According to the Institute for Chronic Pain, Chronic Pain Syndrome is the combination of chronic pain and the secondary complications that are making the original pain worse. Once pain becomes chronic, the mind and body begin to manifest changes which tend to imprint both pain sensations and what clinicians call “pain behaviour” on the Central Nervous System. Typical chronic pain characteristics are as follows:
- Severe pain, constant or waxing and waning;
- Requirement for long-term pain medication;
- Limitations in activity and mobility;
- Effects on social relationships;
- Effects on sexual drive, function, or both;
- Feelings of helplessness;
- Decrease job performance;
- Frustration with doctors;
- Altered sleep;
- Physical tension;
- Changes in appetite;
- Alterations in bowel habits;
- Focusing on blame on self, family and/or the system.
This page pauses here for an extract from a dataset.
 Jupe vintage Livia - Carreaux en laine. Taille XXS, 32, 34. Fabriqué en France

Certain chronic pain clinics use the newer physiological approach to classify chronic pain patients according to their underlying pain mechanism. This diagnosis system is referred to as the PMS classification and subdivides chronic pain into 6 groups:
- Nociceptive Mechanical (joints, ligaments, muscles);
- Nociceptive Inflammatory (pain because of inflammation like arthritis);
- Peripheral Neuropathic (nerve pain);
- Central Sensitization (amplification of al pains signals by the nerve system);
- Affective: which is used when psychological or psychiatric conditions are felt to play a major part in the patient’s chronic pain.
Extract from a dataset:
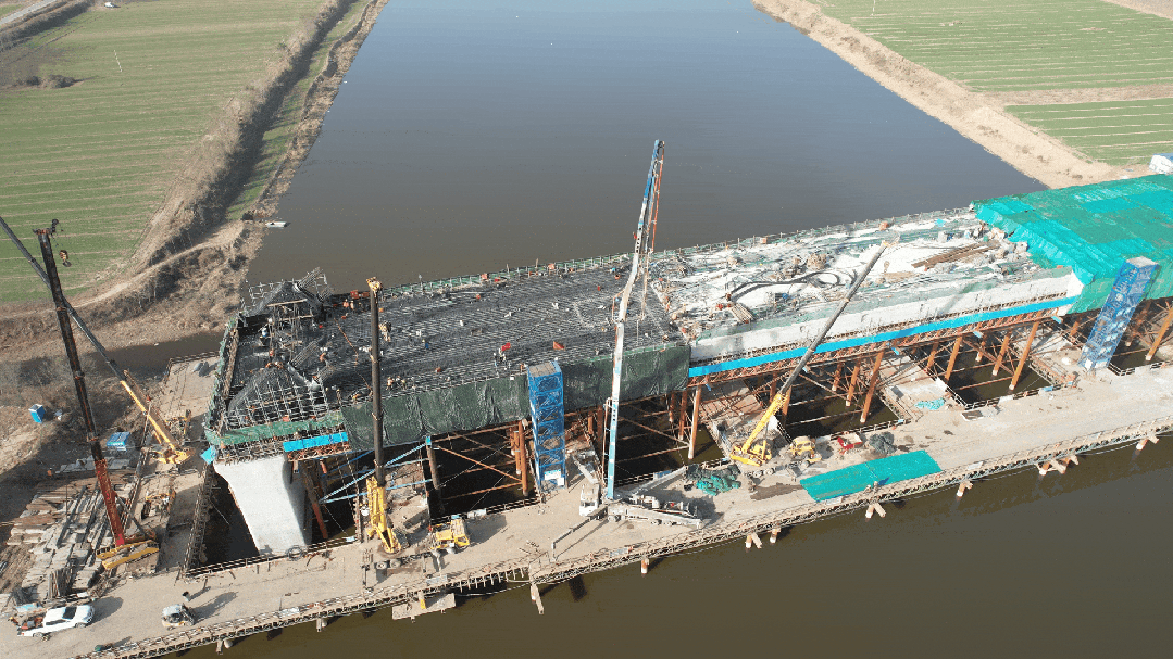 本次系桿拱橋合龍為項目首次跨越徒駭河,該系桿拱橋全長148米,主墩位于徒駭河內(nèi),水深約4米,施工難度大且為高支模超危大工程,鋼筋、預(yù)應(yīng)力管道錯綜復雜,單箱三室澆筑方量大、施工要求高。項目成立“跨河特殊結(jié)構(gòu)橋”施工技術(shù)攻關(guān)小組,克服重重“數(shù)字”難關(guān)。

- Motor/Autonomic: which is a classification when a patient’s present symptoms compatible with an overreaction of the autonomic system and a change in the body’s perception of body image.
In conclusion, it is our opinion chronic pain syndrome is not captured by the minor injury cap legislation.
What is the Valued Amount for a Minor Injury Capped Case?
The 2013 regulation has increased the cap for general damages from $2,500 to $7,500. It provides for yearly cost-of-living adjustments on the basis of the Consumer Price Index for the preceding 12 months. The adjusted value is then applicable to the accidents “that occurred in that year”. The value has to be published by the Superintendent of Insurance. Since July 1, 2013, the yearly values of the cap are as follows:
|July 1, 2013 to December 31, 2014||$7,500.00|
|January 1, 2015 to December 31, 2015||$7,612.50|
|January 1, 2016 to December 31, 2016||$7,650.56|
|January 1, 2017 to December 31, 2017||$7,818.87|
|January 1, 2018 to December 31, 2018||$7,998.70|
|January 1, 2019 to December 31, 2019||$8,166.67|
|January 1, 2020 to December 31, 2020||$8,305.50|
Accounting for inflation is certainly consistent with the state of the law (see “Pecuniary Damages vs. Non-Pecuniary Damages”).